MY BIRTH AND PARENTAGE .-- THE TREATMENT OF SLAVES GENERALLY IN MARYLAND.
I was born in the state of Maryland, which is one of the smallest and most northern of the slave-holding states; the products of this state are wheat, rye, Indian corn, tobacco, with some hemp, flax, &c.

By looking at the map, it will be seen that Maryland, like Virginia her neighbour, is divided by the Chesapeake Bay into eastern and western shores.

My birthplace was on the eastern shore, where there are seven or eight small counties; the farms are small, and tobacco is mostly raised.
At an early period in the history of Maryland, her lands began to be exhausted by the bad cultivation peculiar to slave states; and hence she soon commenced the business of breeding slaves for the more southern states.

This has given an enormity to slavery, in Maryland, differing from that which attaches to the system in Louisiana, and equalled by none of the kind, except Virginia and Kentucky, and not by either of these in extent.
My parents did not both belong to the same owner: my father belonged to a man named -- --; my mother belonged to a man named ----.

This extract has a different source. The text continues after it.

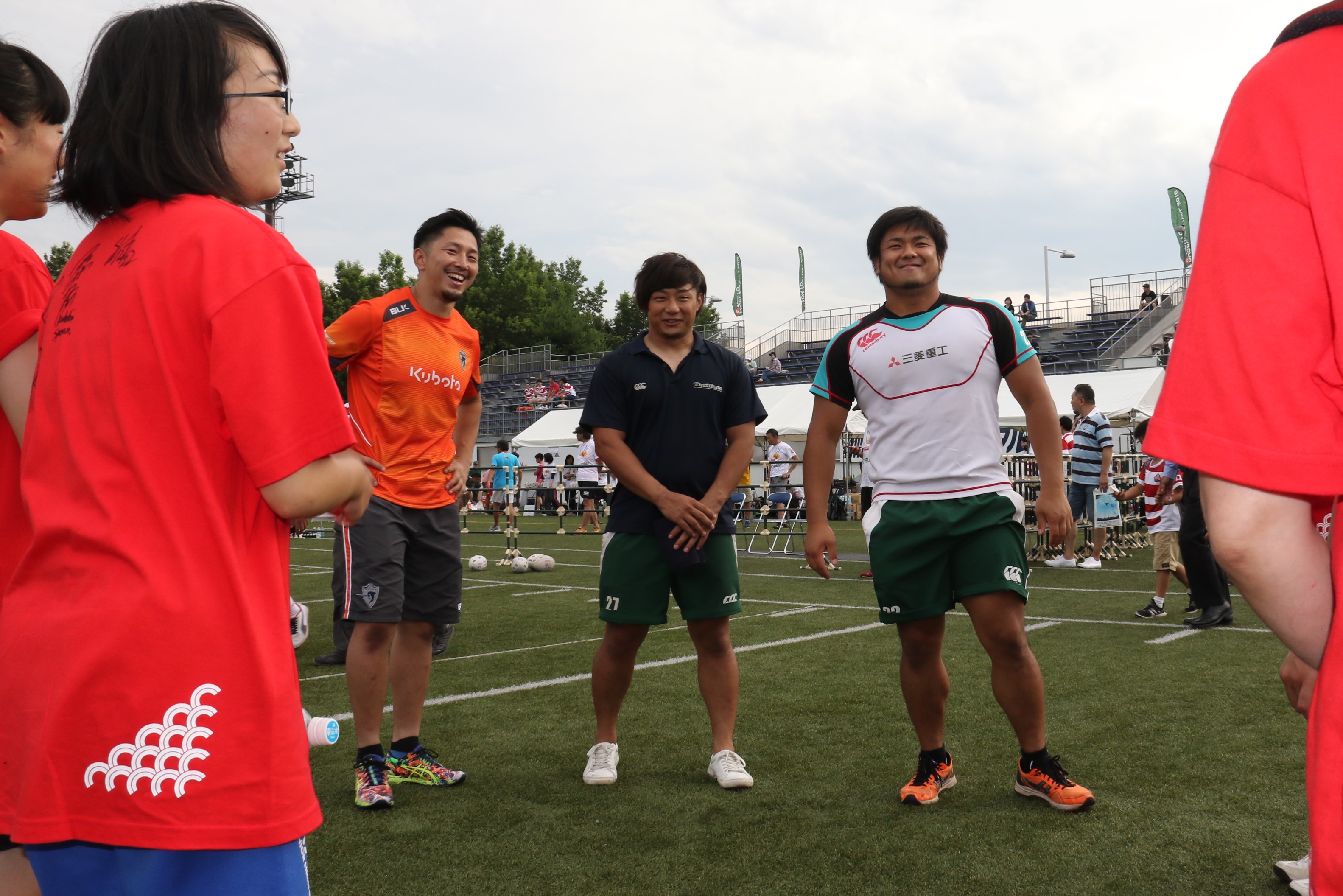 この日は8人の中学生が試合会場の味の素スタジアムを訪れ、まずは、隣接するグラウンドで開催されていたストリートラグビー体験イベントに稲橋良太選手と参加。飛び入り参加してくれた三菱重工相模原ダイナボアーズの佐々木駿選手、中村拓樹選手や、元日本代表 選手と一緒にラグビーのプレーを体験しました。

This not only made me a slave, but made me the slave of him to whom my mother belonged; as the primary law of slavery is, that the child shall follow the condition of the mother.
When I was about four years of age, my mother, an older brother and myself, were given to a son of my master, who had studied for the medical profession, but who had now married wealthy, and was about to settle as a wheat planter in Washington County, on the western shore.